Кыскин делал новые уверения, давал новые заклятия и зароки, а через год снова плелся отыскивать кума и куму. Сегодняшние похороны и особенно настоятельные зароки, данные им на крестинах третьего дня, сидели в Кыскине особенно упорно.

— Будет! Довольно! Слава богу, доволен! — говорил он, ходя по залу и отирая новую слезу. Крики ребят, бушевавших в отдаленной комнате, драки, происходившие между ними, и дерки, отпускаемые им в школах, где они оказывали весьма малые успехи, укрепляли еще более убеждение Кыскина в невозможности "продолжать далее"… Этому, кроме того, способствовала и самая смерть новорожденного ребенка: как ни жалел отец, но, подумав, нашел, что в смерти этой виден промысел божий: сам бог подумал о нем и прибрал новорожденного, видя, что ему в будущем грозит нищета.

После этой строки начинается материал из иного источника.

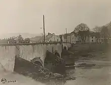 The next day, while French troops were still at a distance from the German frontier, Germany launched a full invasion.[7] German soldiers began moving through south-eastern Luxembourg, crossing the Moselle River at Remich and Wasserbillig, and headed towards the capital, Luxembourg City.[8] Tens of thousands of German soldiers had been deployed to Luxembourg in those 24 hours (although the Grand Duchy's government disputed any precise number that was suggested).[9] Grand Duchess Marie-Adélaïde ordered that the Grand Duchy's small army, which numbered under 400,[10] not to resist. On the afternoon of 2 August she and Eyschen met the German commander Oberst Richard Karl von Tessmar on Luxembourg City's Adolphe Bridge, the symbol of Luxembourg's modernisation.[11] They protested mildly, but both the young Grand Duchess and her aging statesman accepted German military rule as inevitable.[12]
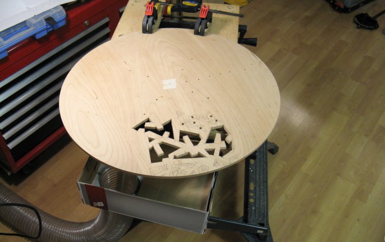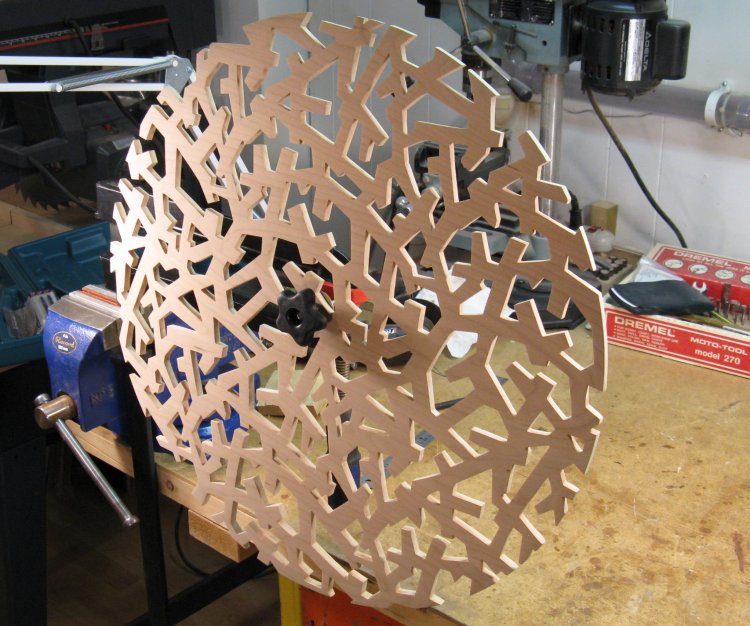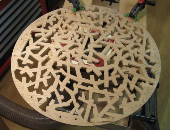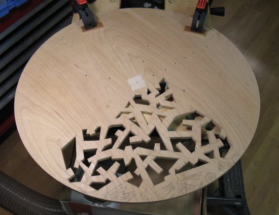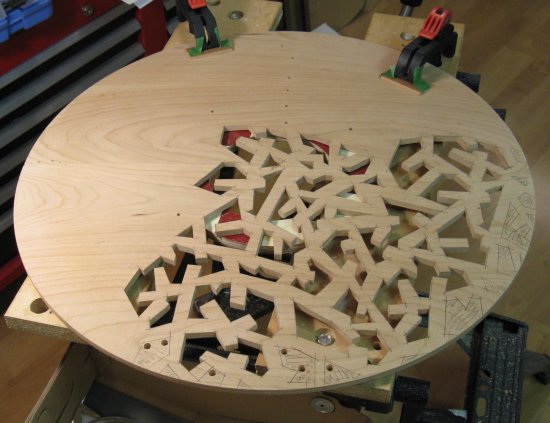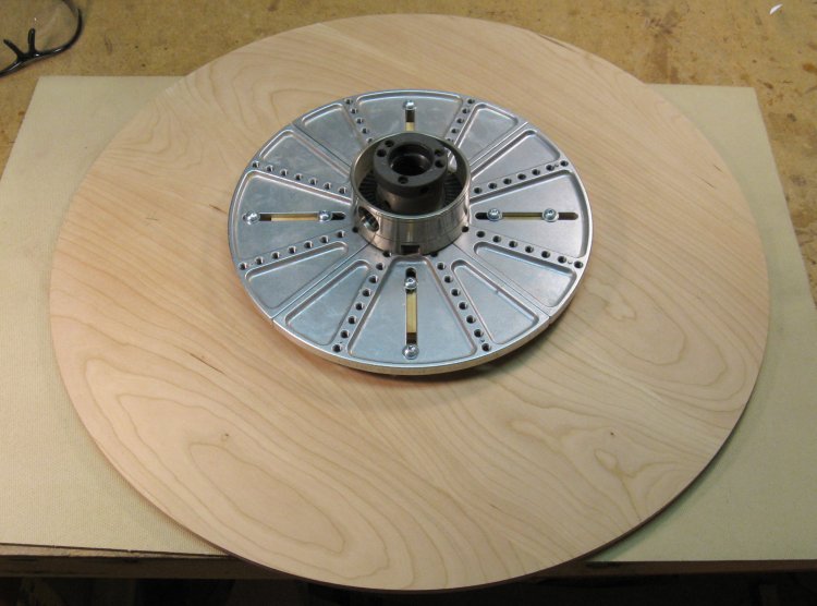 This is a shot of the pattern with the chuck slots and mounting holes marked. The hole locations were transferred to the wood and they were drilled right through for the screws.
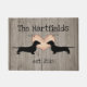 Dackel themed Tür Matte in einem rustikalen Holzbrett-Look, mit niedlichen Grafiken von zwei schwarzen Dackel Silhouetten gegen ein Land polka Punkt Herz getan. Personalisieren Sie den schwarzen Text nach Ihren Wünschen.
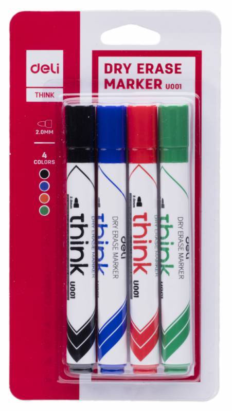 DELI Набор маркеров для досок EU00101 Think круглый пиш. наконечник 2мм 4цв. блистер (EU00101)
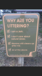 Wanda wrote:Ivan 01 wrote:Wanda wrote:Signs like this may have better results than the standard Do Not Litter/Put it in a Bin signs Cheers Ian Got to agree there Wanda.It would be interesting to test the results of such a sign. No Ivan, thats just my misguided belief on the subject of litter !CheersIan
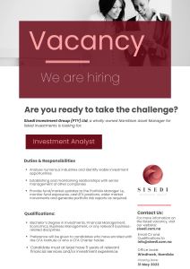 Sisedi’s investment team has an opportunity for a qualified investment professional to join the team. The incumbent will form part of a dynamic team responsible
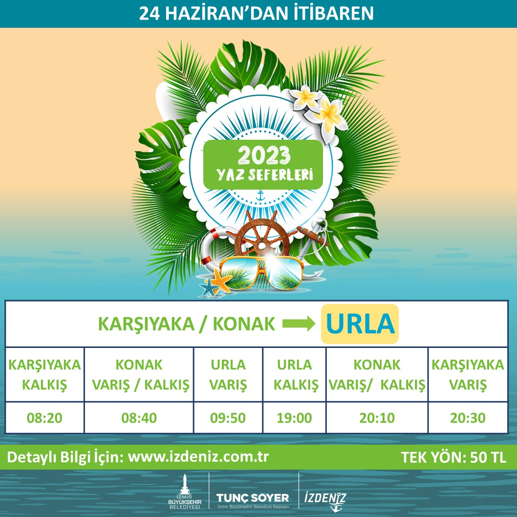 Karşıyaka-Konak-Urla gemisi, 08.20’de Karşıyaka’dan, 08.40’da Konak’tan kalkacak; 09.50’de Urla’ya varacak. Dönüşte Urla’dan 19.00’da kalkacak gemi, 20.10’da Konak’ta ve 20.30’da Karşıyaka’da olacak.
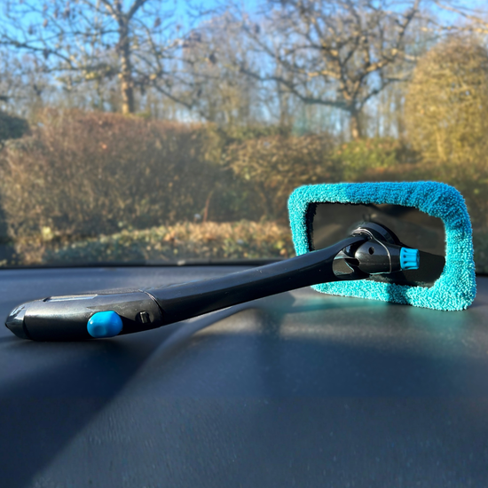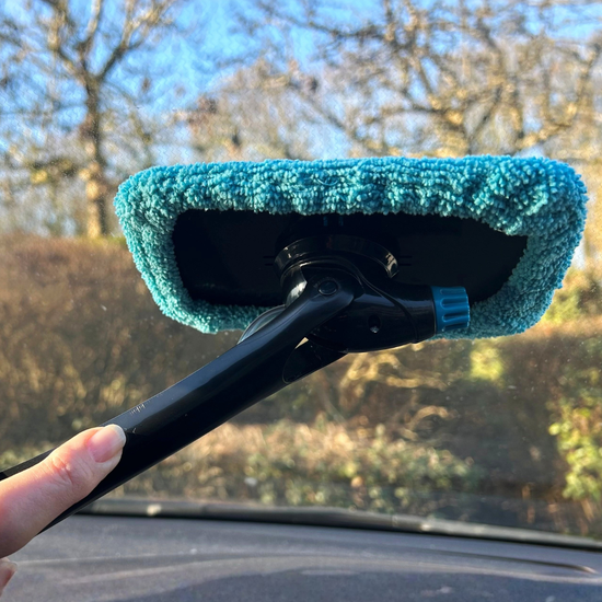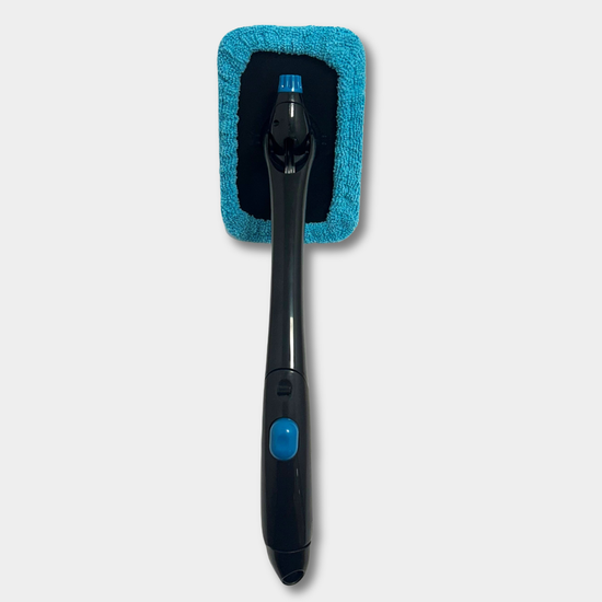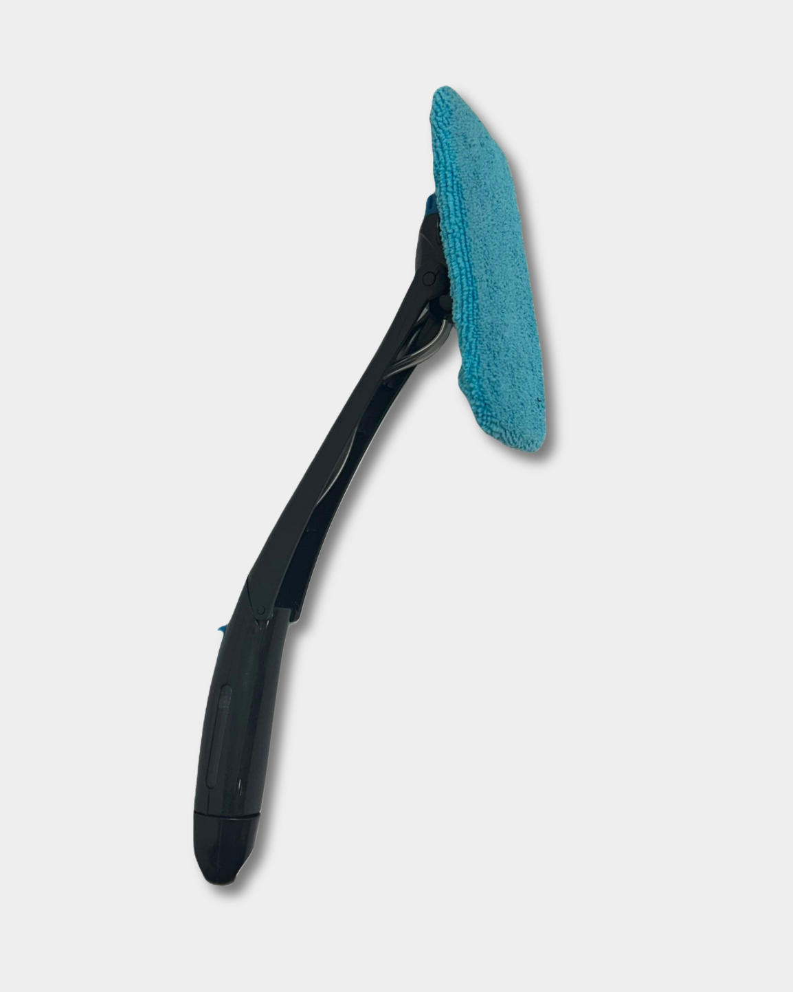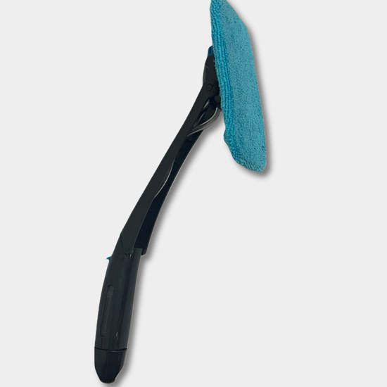 Spray and clean your windshield in minutes. With a pivoting head and 2 reusable microfiber bonnets it cleans the hardest to reach places. Folds for easy storage.

— Нет, довольно! — вслух произнес Кыскин и старался утешить себя тем, что и лета его не позволяют далее продолжать супружеских обязанностей. Надо теперь, думал он, молиться поболее богу и просить его помощи, так как действительно только на него у бедного чиновника и оставалась надежда. С этою целью сегодняшний день он всунул в могилу сына счет расходов на погребение, твердо веря, что двенадцать целковых, истраченные им по этому предмету и составляющие две трети месячного жалованья, обратят внимание неба на его усердие и любовь к детям, для которых он ничего не жалеет. Кроме того, и непорочная душа умершего младенца помолится за него, Кыскина, и за его жену и…

— Авось, как-нибудь! — заключил чиновник и, вздохнув, вышел в другую комнату, где сидела жена.

— Ты что это там говорил? — сказала ему жена и улыбнулась. — Ходит один да бурчит себе под нос что-то.

— Так! — ответил он, потирая бороду.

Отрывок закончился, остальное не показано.